Last week I spoke to a few of my Wikimedia Foundation (WMF) colleagues about how we deploy code—I completely botched it. I got too complex too fast. It only hit me later—to explain deployments, I need to start with a lie.
M. Jagadesh Kumar explains:
Every day, I am faced with the dilemma of explaining some complex phenomena [...] To realize my goal, I tell "lies to students."
This idea comes from Terry Pratchett's "lies-to-children" — a false statement that leads to a more accurate explanation. Asymptotically approaching truth via approximation.
Every section of this post is a subtle lie, but approximately correct.

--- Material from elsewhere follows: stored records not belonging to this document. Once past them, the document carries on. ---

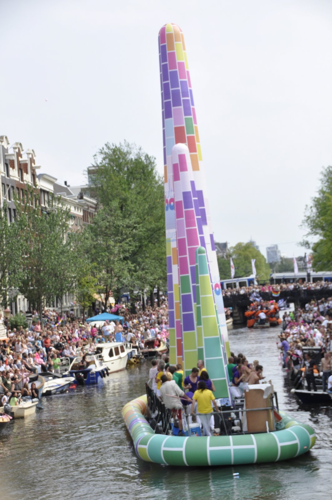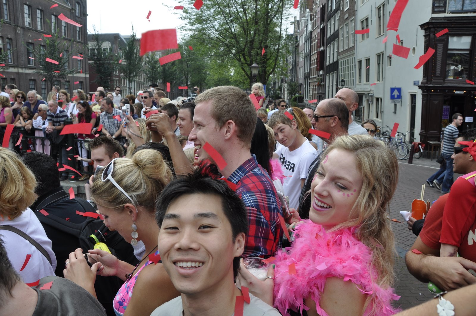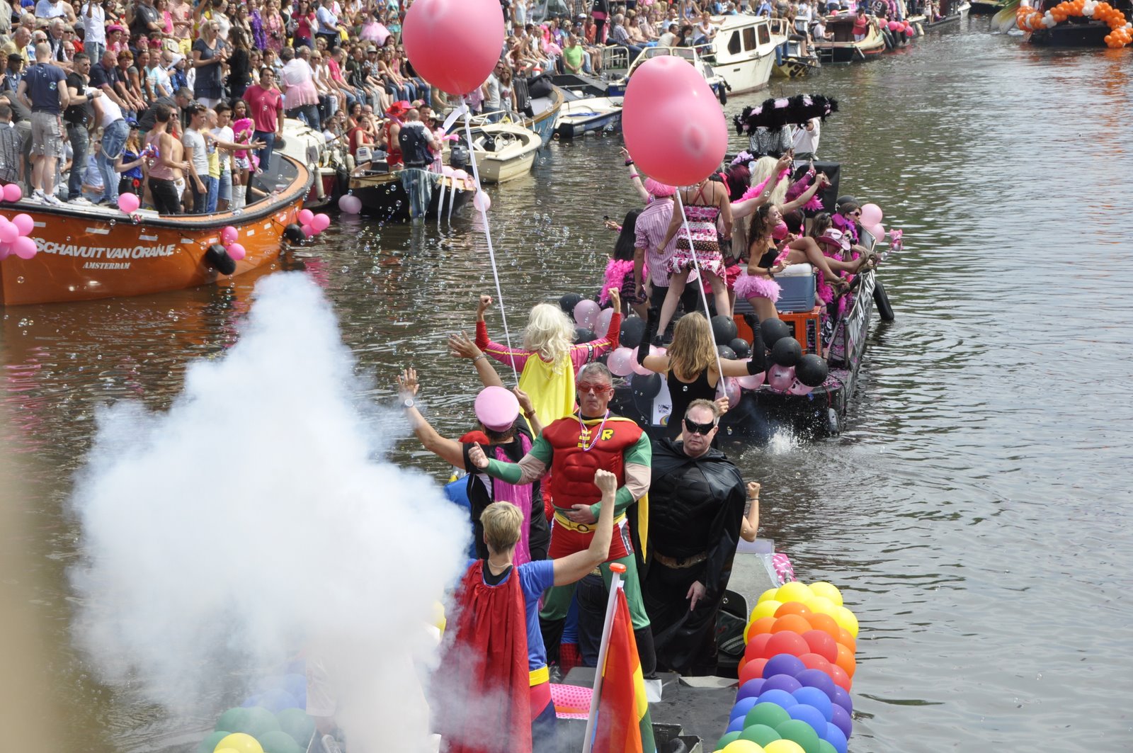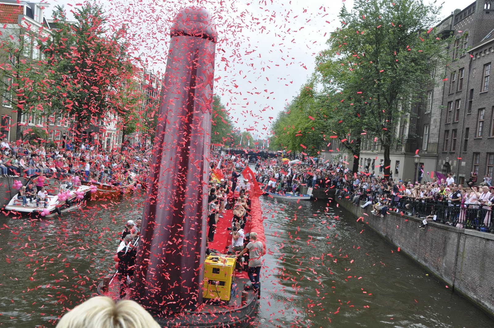 By the time the parade started at 2pm, a large crowd had gathered along the canals and bridge. Many were on their own private boats. Luckily, after a little walking around we found a sweet spot on a bridge overlooking the length of the canal. We were just in time for one of the first floats to arrive. It was a boat featuring a ginormous penis that deflates as the boat sailed under the bridge, and once across immediately inflates, ejecting a cloud of red confetti. It was pure gold.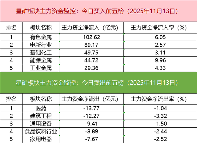从主力板块资金监控数据来看,有色金属板块主力资金净流入居首。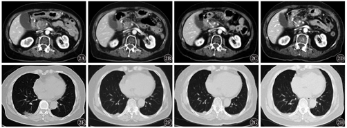 (1)获得SD的患者为女性,64岁,2019年9月行胰腺癌手术,术后行放疗,后复查未见复发。2020年7月确诊为胰腺癌术后肠系膜上动脉周围转移,8月开始予信迪利单抗治疗。经信迪利单抗联合白蛋白结合型紫杉醇规律用药6个周期,疗效评价为SD,后予信迪利单抗单药维持治疗2个周期。至末次治疗(2021年4月2日),仍处于SD状态;不良反应主要为1级乏力,未影响治疗。(2)获得PR的患者为女性,74岁,2019年4月确诊为胰腺癌伴肺、淋巴结转移,无手术适应证,予局部姑息放疗后经多线化疗后进展。2020年4月开始予信迪利单抗治疗,治疗不规律,经信迪利单抗治疗2个周期后,腹泻症状明显好转,肿瘤指标CA199从645.0 U/ml降至80.2 U/ml,病灶缩小47.6%,疗效评价为PR。应用信迪利单抗治疗至末次治疗(2021年4月30日)期间,出现一系列不良反应,包括皮疹、甲状腺功能亢进、甲状腺功能减退、尿路感染、高尿酸、高血糖、肾功能不全,皆为1~2级,经对症治疗后好转。患者处于持续缓解中。该患者信迪利单抗治疗期间肿瘤相关指标及不良反应变化情况见表1,信迪利单抗治疗前后胸部及腹部病灶影像学变化见图2。

The first lie I need to tell is that we deploy code once a week.
Every Thursday, Release-Engineering-Team deploys a MediaWiki release to all 978 wikis. The "release branch" is 198 different branches—one branch each for mediawiki/core, mediawiki/vendor, 188 MediaWiki extensions, and eight skins—that get bundled up via git submodule.

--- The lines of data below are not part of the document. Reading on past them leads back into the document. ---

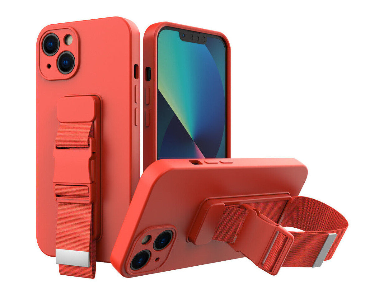 iPhone 12 Pro Max Case, 2 in 1 Durable Soft TPU Heavy Duty Shockproof Phone Protective Case Cove with Built-in Kickstand & Adjustable Strap for waist or wrist- Red
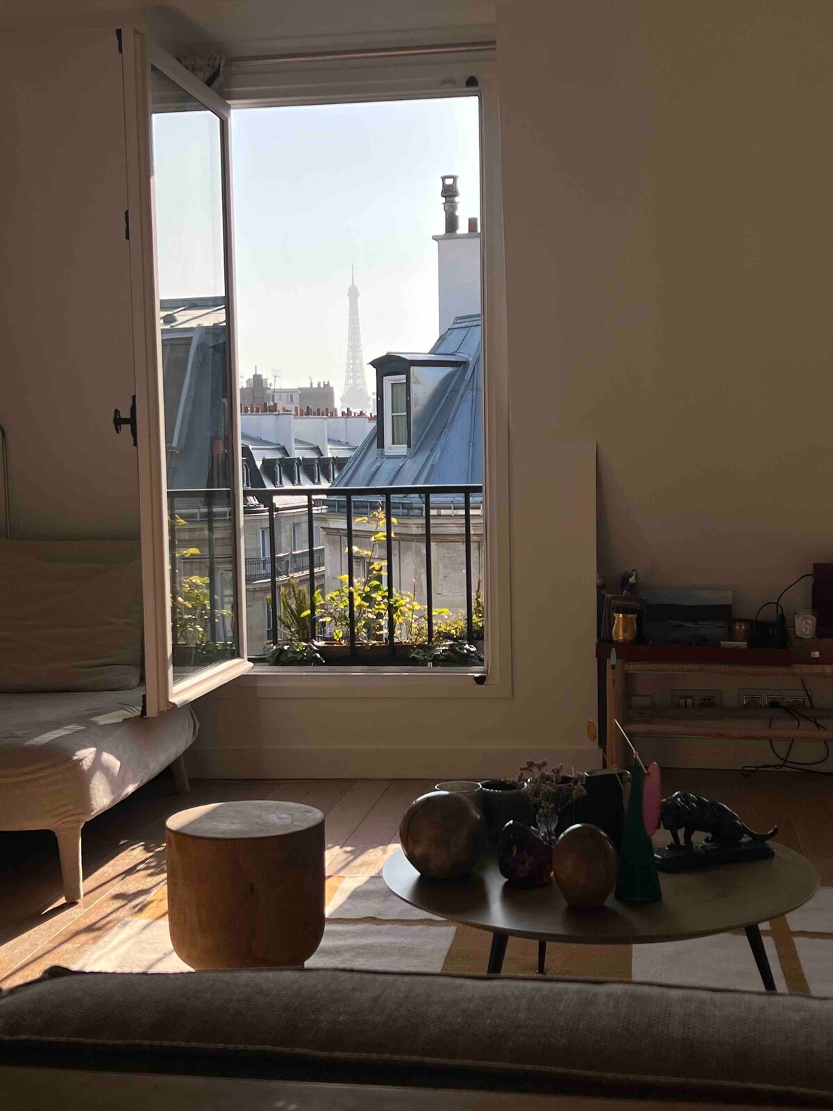 Ta nastanitev gleda na strehe Pariza in ponuja čudovit razgled na Eifflov stolp. To je eno zelo lepih in svetlih stanovanj. Razpoložljivo: -klimatizacija -wifi - Pralni in sušilni stroj - pomivalni stroj - dvigalo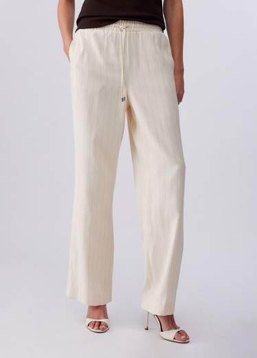 PANTALONE CON COULISQuesti pantaloni portano il tailoring in una versione più casual. La gamba cade dritta e morbida, animata dalla trama gessata su sfondo bianco, per un’eleganza quotidiana che resta impeccabile.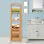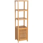 This HOMCOM tower combines style and functionality for beautiful storage, perfect for the bathroom and beyond. Its tall and slightly narrow design is ideal for fitting into tighter spots, featuring three large open shelves and one bottom cupboard for plenty of storage. Slatted on the shelves and the cupboard door, plenty of air is allowed to pass through to keep everything fresh, with four stump feet for balance to finish.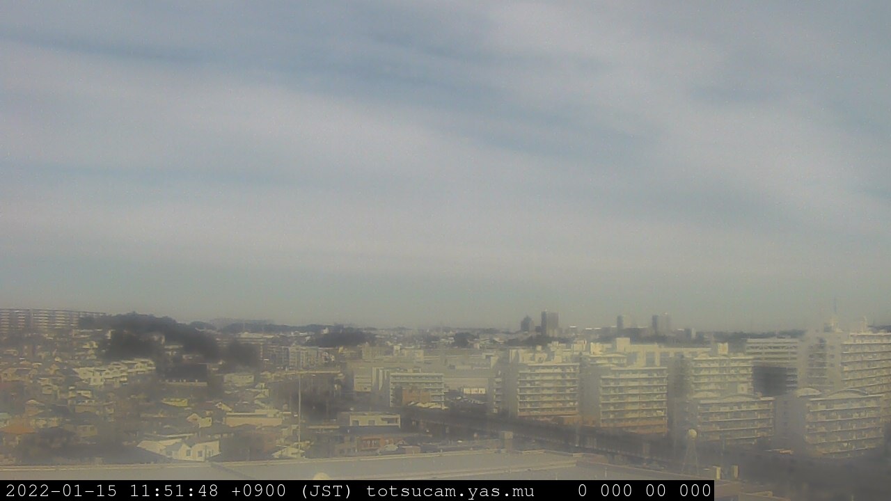 横浜市戸塚駅周辺から 東戸塚方面(北北東)を望む展望カメラの映像です。 左は現在の映像です。 下に並んでいるのは、 7日間に亘る日の出どき、昼間、夕暮れどきの写真(サムネイル)です。 それぞれ、日の出15分前、南中時、日没20分後の写真となっています。 各写真の下にはmpeg形式の動画へのリンクがあります。 それぞれ、日の出、南中、日没の前後1時間の画像です。 右欄にはその日24時間の動画へのリンクがあります。 この7日間以外は日付が一覧表示されています。 日付部分をクリックすると、 その日付から7日分が展開されて表示されます。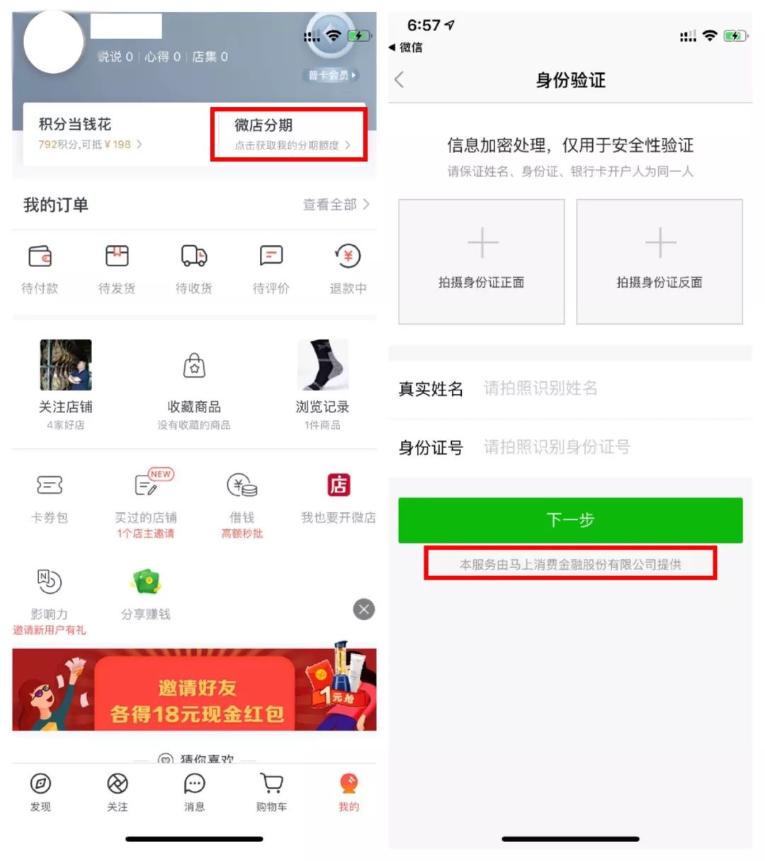 1月2日,微店APP最新改版,“微店分期”被更突出展示,挂在了“我的”界面首栏,点击可获取分期额度。新流财经尝试点击后发现,微店的分期服务由马上消费金融有限公司提供。

The next lie gets a bit closer to the truth: we don't deploy on Thursday; we deploy Tuesday through Thursday.
The cleverly named TrainBranchBot creates a weekly train branch at 2 am UTC every Tuesday.

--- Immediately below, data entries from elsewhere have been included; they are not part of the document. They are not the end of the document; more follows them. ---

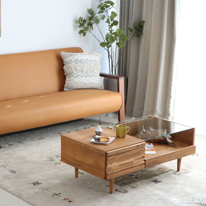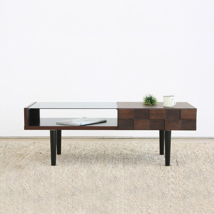 凹凸を出したアカシア無垢材が、立体感と奥行きを出してくれています。 ガラス越しに魅せる収納は、引き出し機能がついており便利に活用できます。 細身の脚にも拘っているおしゃれなアイテム。 日本製の安心安全F☆☆☆☆の商品です。 素材 天板:強化紙化粧板 本体:プリント化粧板 引出(塗装):アカシア集成無垢(ウレタン塗装) 右前板:強化紙化粧板 脚部(塗装):ラバーウッド無垢(ウレタン塗装) テーブル天板ガラス:5mm強化透明ガラス サイズ 幅1000×奥行540×高さ370 (mm) 引出し:幅305×奥行320×高さ145 (mm) スライド棚:幅560×奥行495×高さ140 (mm) 耐荷重 天板:10 kg 棚板:5 kg 引出:5 kg 製品重量 22kg 生産国 日本製 備考 完成品(脚部はお客様取り付け) 保証期間について 保証期間は、商品到着後1年間となっております。構造等の不具合に限り、1年間は保証の対象となります。 ※保証書は付属していない商品もございますので、不具合等が見つかった場合は当ショップまでお問い合わせください。 SERIES LINEUP チェア 伸長テーブル 140ローボード 180ローボード サイドテーブル リビングテーブル シェルフアカシア材の凹凸感に注目! 飾れるリゾートなお部屋にぴったりなシリーズ。 前板の凹凸感が印象的!アカシア木目の存在感と凹凸デザインの相性はGOOD! 建築でも人気の高い形状なのでサラッと今時なお部屋に♪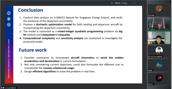 11月17日晚,来自新加坡科技研究所(A*STAR)的高级研究员(Senior Scientist)张逸成博士应我院副教授闫浩的邀请,为民航国际讲坛作题为“考虑起飞不确定性的机场滑行道联合调度问题研究”线上讲座,学院多名师生参加了此次讲座,讲座由闫浩主持。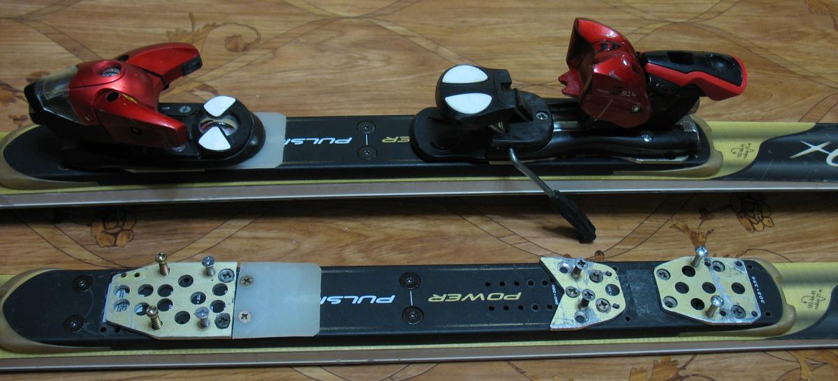 4. Если уж вообще ничего не получится найти, и есть умение-желание послесарить - поделюсь опытом установки креплений через самодельный интерфейсы. Опыт успешный. Примеры - на фото: Тироля на Атомике и Сало на Росси. Этот колхоз норм выдержал серьезные нагрузки.

- Deploy to Group0—132 wikis, including Test Wikipedia, mediawiki.org, and Office wiki (our internal WMF MediaWiki)
- Deploy to Group1—528 wikis, including Commons and Wikidata. Most non-Wikipedia wikis (plus Catalan Wikipedia, Italian Wikipedia, and Hebrew Wikipedia)
- Deploy to remaining 320 wikis, including our largest wiki: English Wikipedia
Progressive rollouts give users time to spot bugs. We have an experienced user-base—as Risker attested on the Wikitech-l mailing list:
It's not always possible for even the best developer and the best testing systems to catch an issue that will be spotted by a hands-on user, several of whom are much more familiar with the purpose, expected outcomes and change impact on extensions than the people who have written them or QA'd them.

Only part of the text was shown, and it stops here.